Data supplied ->
====

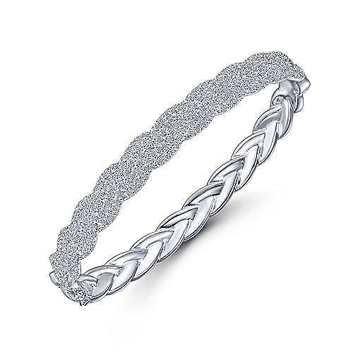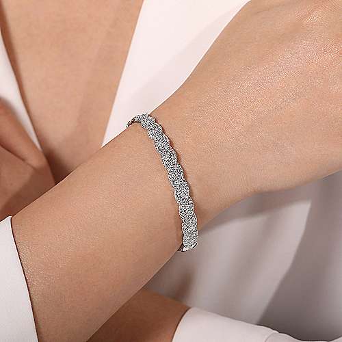 14K White Gold Diamond Pavé Braided Bangle
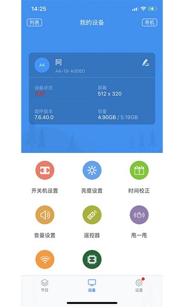 手机APP“屏掌控”除了更新节目外,还可以设置LED显示屏开关机、亮度、时间校正、遥控器和控制卡选型。
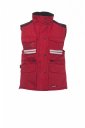 Vest med komfortabel passfor til dame, 8 mm plastglidelås med metalltrekker, med klaff og plastknapper, avtakbar og/eller sammenleggbar hette, grå refleksstriper foran og bak, luftehull i siden med kile og glidelås, ni ytterlommer, to med LOCK SYSTEM, to med glidelås og forsterket innside, en med vendbar merkeholder. Polstret, krage-, rygg- og korsryggvarmer i mikrofleece, innvendig snøring og glidelås for lettere trykk og brodering.
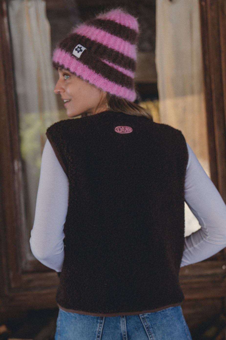 Kamizelka MERINO COOKIE o kroju boxy to idealna warstwa przejściowa, która łączy komfort noszenia z ponadczasowym stylem. Miękka, przyjemna w dotyku wełna merino otula, zapewniając naturalne ciepło bez uczucia ciężkości. Wykonana z wysokiej jakości wełny merino o miękkiej, przyjemnej w dotyku strukturze, Materiał doskonale reguluje temperaturę, oddycha i sprawdza się zarówno w chłodniejsze poranki, jak i podczas zmiennej pogody. To idealna opcja na przejściowe pory roku, chłodne poranki i wieczory albo wtedy, gdy potrzebujesz czegoś ekstra, ale nie chcesz zakładać kurtki. Krój boxy, zapinany na napy nadaje kamizelce uniwersalny charakter i pozwala łatwo dopasować ją do różnych stylizacji. Głęboki, brązowy kolor dodaje wyrazistości i elegancji, a starannie wykończone lamówki podkreślają dbałość o detale. Dwie boczne kieszenie zostały zaprojektowane z myślą o ogrzaniu twoich dłoni, lub noszeniu drobiazgów. Kamizelka świetnie sprawdzi się noszona samodzielnie lub jako dodatkowa warstwa na bluzę czy sweter. Stworzona do noszenia na co dzień – do miasta, na spacer, na szybkie wyjście z domu albo długie, spokojne weekendy.
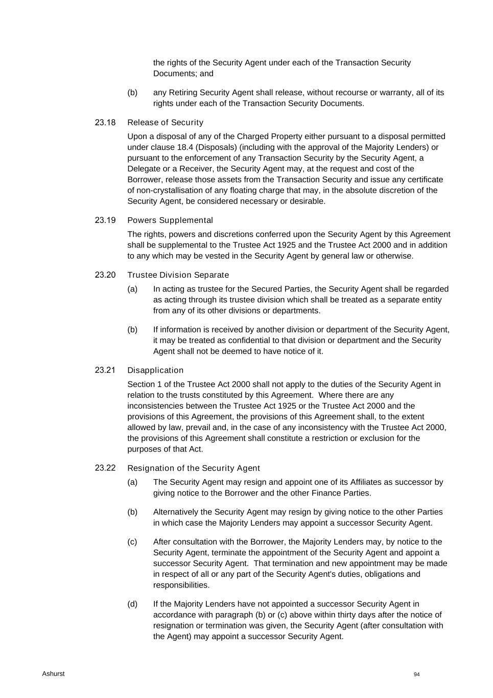 Ashurst 94 the rights of the Security Agent under each of the Transaction Security Documents; and (b) any Retiring Security Agent shall release, without recourse or warranty, all of its rights under each of the Transaction Security Documents. Release of Security Upon a disposal of any of the Charged Property either pursuant to a disposal permitted under clause 18.4 (Disposals) (including with the approval of the Majority Lenders) or pursuant to the enforcement of any Transaction Security by the Security Agent, a Delegate or a Receiver, the Security Agent may, at the request and cost of the Borrower, release those assets from the Transaction Security and issue any certificate of non-crystallisation of any floating charge that may, in the absolute discretion of the Security Agent, be considered necessary or desirable. Powers Supplemental The rights, powers and discretions conferred upon the Security Agent by this Agreement shall be supplemental to the Trustee Act 1925 and the Trustee Act 2000 and in addition to any which may be vested in the Security Agent by general law or otherwise. Trustee Division Separate (a) In acting as trustee for the Secured Parties, the Security Agent shall be regarded as acting through its trustee division which shall be treated as a separate entity from any of its other divisions or departments. (b) If information is received by another division or department of the Security Agent, it may be treated as confidential to that division or department and the Security Agent shall not be deemed to have notice of it. Disapplication Section 1 of the Trustee Act 2000 shall not apply to the duties of the Security Agent in relation to the trusts constituted by this Agreement. Where there are any inconsistencies between the Trustee Act 1925 or the Trustee Act 2000 and the provisions of this Agreement, the provisions of this Agreement shall, to the extent allowed by law, prevail and, in the case of any inconsistency with the Trustee Act 2000, the provisions of this Agreement shall constitute a restriction or exclusion for the purposes of that Act. Resignation of the Security Agent (a) The Security Agent may resign and appoint one of its Affiliates as successor by giving notice to the Borrower and the other Finance Parties. (b) Alternatively the Security Agent may resign by giving notice to the other Parties in which case the Majority Lenders may appoint a successor Security Agent. (c) After consultation with the Borrower, the Majority Lenders may, by notice to the Security Agent, terminate the appointment of the Security Agent and appoint a successor Security Agent. That termination and new appointment may be made in respect of all or any part of the Security Agent's duties, obligations and responsibilities. (d) If the Majority Lenders have not appointed a successor Security Agent in accordance with paragraph (b) or (c) above within thirty days after the notice of resignation or termination was given, the Security Agent (after consultation with the Agent) may appoint a successor Security Agent.
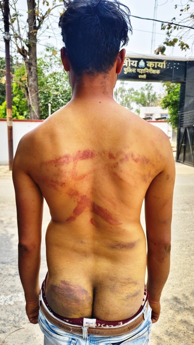 बस्ती । नर्सिंग होम में टाइल्स लगवाने वाले ठेकेदार गोविन्द निषाद को मजदूरी मांगना भारी पड़ गया। मजदूरी मांगने पर दबंगों ने उसे बेरहमी से पीटा। उसके शरीर पर पिटाई के निशान बर्बरता को बयां कर रहे हैं। बर्बरता के शिकार पीड़ित ठेकेदार ने न्याय के लिए पुलिस से गुहार लगाया, लेकिन पुलिस ने उसकी फरियाद नहीं सुनी। सरदार सेना जिलाध्यक्ष विनय चौधरी को इसकी जानकारी हुई तो वे उसे साथ डीआईजी के यहां पहुंचे। उनसे मिलकर न्याय की गुहार लगाया। डीआईजी ने मामले में तत्काल कार्रवाई का आश्वासन दिया है।

====

About this exercise ->
A verbatim copy of the listing is required, with all pictures left out.

Exercise solution ->
 14K White Gold Diamond Pavé Braided Bangle
 手机APP“屏掌控”除了更新节目外,还可以设置LED显示屏开关机、亮度、时间校正、遥控器和控制卡选型。
 Vest med komfortabel passfor til dame, 8 mm plastglidelås med metalltrekker, med klaff og plastknapper, avtakbar og/eller sammenleggbar hette, grå refleksstriper foran og bak, luftehull i siden med kile og glidelås, ni ytterlommer, to med LOCK SYSTEM, to med glidelås og forsterket innside, en med vendbar merkeholder. Polstret, krage-, rygg- og korsryggvarmer i mikrofleece, innvendig snøring og glidelås for lettere trykk og brodering.
 Kamizelka MERINO COOKIE o kroju boxy to idealna warstwa przejściowa, która łączy komfort noszenia z ponadczasowym stylem. Miękka, przyjemna w dotyku wełna merino otula, zapewniając naturalne ciepło bez uczucia ciężkości. Wykonana z wysokiej jakości wełny merino o miękkiej, przyjemnej w dotyku strukturze, Materiał doskonale reguluje temperaturę, oddycha i sprawdza się zarówno w chłodniejsze poranki, jak i podczas zmiennej pogody. To idealna opcja na przejściowe pory roku, chłodne poranki i wieczory albo wtedy, gdy potrzebujesz czegoś ekstra, ale nie chcesz zakładać kurtki. Krój boxy, zapinany na napy nadaje kamizelce uniwersalny charakter i pozwala łatwo dopasować ją do różnych stylizacji. Głęboki, brązowy kolor dodaje wyrazistości i elegancji, a starannie wykończone lamówki podkreślają dbałość o detale. Dwie boczne kieszenie zostały zaprojektowane z myślą o ogrzaniu twoich dłoni, lub noszeniu drobiazgów. Kamizelka świetnie sprawdzi się noszona samodzielnie lub jako dodatkowa warstwa na bluzę czy sweter. Stworzona do noszenia na co dzień – do miasta, na spacer, na szybkie wyjście z domu albo długie, spokojne weekendy.
 Ashurst 94 the rights of the Security Agent under each of the Transaction Security Documents; and (b) any Retiring Security Agent shall release, without recourse or warranty, all of its rights under each of the Transaction Security Documents. Release of Security Upon a disposal of any of the Charged Property either pursuant to a disposal permitted under clause 18.4 (Disposals) (including with the approval of the Majority Lenders) or pursuant to the enforcement of any Transaction Security by the Security Agent, a Delegate or a Receiver, the Security Agent may, at the request and cost of the Borrower, release those assets from the Transaction Security and issue any certificate of non-crystallisation of any floating charge that may, in the absolute discretion of the Security Agent, be considered necessary or desirable. Powers Supplemental The rights, powers and discretions conferred upon the Security Agent by this Agreement shall be supplemental to the Trustee Act 1925 and the Trustee Act 2000 and in addition to any which may be vested in the Security Agent by general law or otherwise. Trustee Division Separate (a) In acting as trustee for the Secured Parties, the Security Agent shall be regarded as acting through its trustee division which shall be treated as a separate entity from any of its other divisions or departments. (b) If information is received by another division or department of the Security Agent, it may be treated as confidential to that division or department and the Security Agent shall not be deemed to have notice of it. Disapplication Section 1 of the Trustee Act 2000 shall not apply to the duties of the Security Agent in relation to the trusts constituted by this Agreement. Where there are any inconsistencies between the Trustee Act 1925 or the Trustee Act 2000 and the provisions of this Agreement, the provisions of this Agreement shall, to the extent allowed by law, prevail and, in the case of any inconsistency with the Trustee Act 2000, the provisions of this Agreement shall constitute a restriction or exclusion for the purposes of that Act. Resignation of the Security Agent (a) The Security Agent may resign and appoint one of its Affiliates as successor by giving notice to the Borrower and the other Finance Parties. (b) Alternatively the Security Agent may resign by giving notice to the other Parties in which case the Majority Lenders may appoint a successor Security Agent. (c) After consultation with the Borrower, the Majority Lenders may, by notice to the Security Agent, terminate the appointment of the Security Agent and appoint a successor Security Agent. That termination and new appointment may be made in respect of all or any part of the Security Agent's duties, obligations and responsibilities. (d) If the Majority Lenders have not appointed a successor Security Agent in accordance with paragraph (b) or (c) above within thirty days after the notice of resignation or termination was given, the Security Agent (after consultation with the Agent) may appoint a successor Security Agent.
 बस्ती । नर्सिंग होम में टाइल्स लगवाने वाले ठेकेदार गोविन्द निषाद को मजदूरी मांगना भारी पड़ गया। मजदूरी मांगने पर दबंगों ने उसे बेरहमी से पीटा। उसके शरीर पर पिटाई के निशान बर्बरता को बयां कर रहे हैं। बर्बरता के शिकार पीड़ित ठेकेदार ने न्याय के लिए पुलिस से गुहार लगाया, लेकिन पुलिस ने उसकी फरियाद नहीं सुनी। सरदार सेना जिलाध्यक्ष विनय चौधरी को इसकी जानकारी हुई तो वे उसे साथ डीआईजी के यहां पहुंचे। उनसे मिलकर न्याय की गुहार लगाया। डीआईजी ने मामले में तत्काल कार्रवाई का आश्वासन दिया है।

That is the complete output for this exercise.